Rather than creating major UK biotech companies, the UK's scientists and early-stage companies are more likely to act as a "conveyor belt of quality medical projects to sell to America". The companies created by Merlin in the future are likely to employ US scientists and managers and establish a presence there earlier in their development. "Designed and built in Britain to grow in America," may become the biotech motto, Sir Christopher says.

More immediately, though, there is that fish. "Merlin is part of my destiny. The other part is to go back and get that carp. I'll let you know if I get it."

In the cells

Born: 29 November 1957.

Wealth: Estimated at £158m, putting him at number 298 in the Sunday Times Rich List.

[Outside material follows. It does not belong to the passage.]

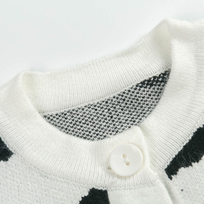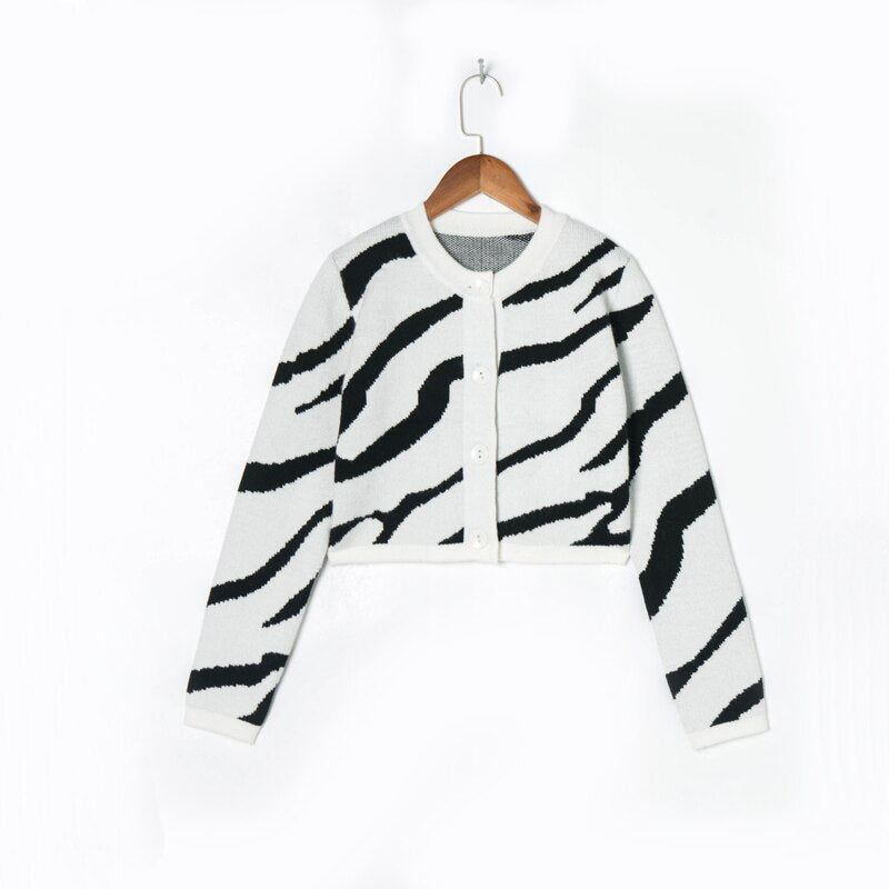Spring and Autumn Women's Casual Striped Round Neck Long Sleeve Short Cardigan Sweater

Science: First in microbiology, doctorate in biochemistry and research fellowship in molecular biology.

Business: US biotech research positions from 1983-87, when he founded his first company. Most successful creation was Chiroscience in 1992, which merged to form Celltech and was sold to UCB of Belgium for £1.5bn last year. Founded Merlin Ventures, his first private equity group, in 1996.

Personal life: Married with four children. Hobbies include the electric guitar, watching rugby, collecting fast cars - and fishing.